Сначала я пытался игнорировать звонок; обычно выключаю сотовый телефон на время работы, но сегодня понедельник, а по понедельникам моя очередь забирать десятилетнюю дочь с занятий, даже если жена, пилот международных авиалиний, в порядке исключения находится в стране, что, к сожалению, случается нерегулярно из-за ее графика работы.

На дисплее высветился неизвестный номер, но время примерно соответствовало. У Йолы как раз должна была закончиться тренировка по плаванию, и, возможно, она звонила мне с телефона подружки. Я решил не дожидаться, пока включится голосовая почта, несмотря на опасность быть втянутым в разговор с агентом кол-центра, который будет пытаться навязать мне какую-нибудь дополнительную стоматологическую медицинскую страховку или пакет кабельного телевидения и которого нисколько не волнует, что моя банковская карта уже несколько месяцев в овердрафте.

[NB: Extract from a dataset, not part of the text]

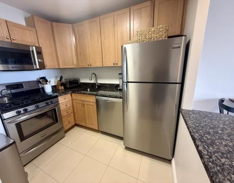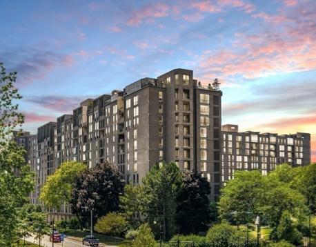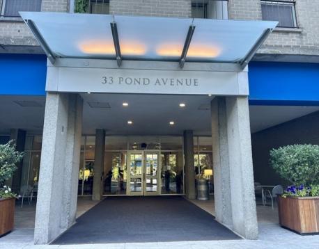 Enjoy pleasing park + pond views from top (12th) floor 1 bed, 1 bath luxury condo at the Brook House. Tastefully renovated + in mint condition with recessed lighting, plenty of closet space + bamboo flooring. Gorgeous kitchen with maple cabinets, navy/rose granite countertops + stainless steel appliances (gas stove, microwave + Bosch DW). Pass through from kitchen with bar seating. Renovated bath with glacier tile surround, Grohe chrome hardware + adjustable control shower head. Central air conditioning + heated garage parking (space #319). Building: Elevator, 24 hour security/concierge, pet friendly, non smoking, pool, herb garden, table tennis, golf putting green, basketball + pickleball court, gym, weight room & outdoor BBQ grilling areas. Conveniently located near Brookline Village, Coolidge Corner, Jamaica Pond + trains (D/E greenlines) to Longwood Medical area + downtown Boston. A must see!

Поэтому я раздраженно прищелкнул языком, сохранил главу триллера, над которым работал, даже не закончив предложение, и схватил с письменного стола жужжащий сотовый телефон. В результате именно это привело к тому, что я стою сейчас в пробке на Авусе[3] где-то в районе Хюттенвег и требую от своей дочери пять евро.

– Я не буду платить. – Йола помотала головой и упрямо уставилась сквозь окно с опущенным стеклом на железнодорожные рельсы, которые тянулись параллельно городской автомагистрали. Была середина августа, мы стояли в пробке под палящим солнцем, над крышами машин перед нами дрожал воздух, и у меня было чувство, что я сижу в кастрюле-скороварке, а не в своем старом «фольксвагене»-«жуке».

– У нас есть уговор, – напомнил я ей.

Пять евро каждый раз, когда меня вызывают на «беседу», потому что Йола снова что-то натворила.

– Я думала, это касается только школы. А не свободного времени.

– Ты забываешь, что господин Штайнер не только твой частный тренер по плаванию, но и официальный учитель физкультуры. Так что давай сюда деньги!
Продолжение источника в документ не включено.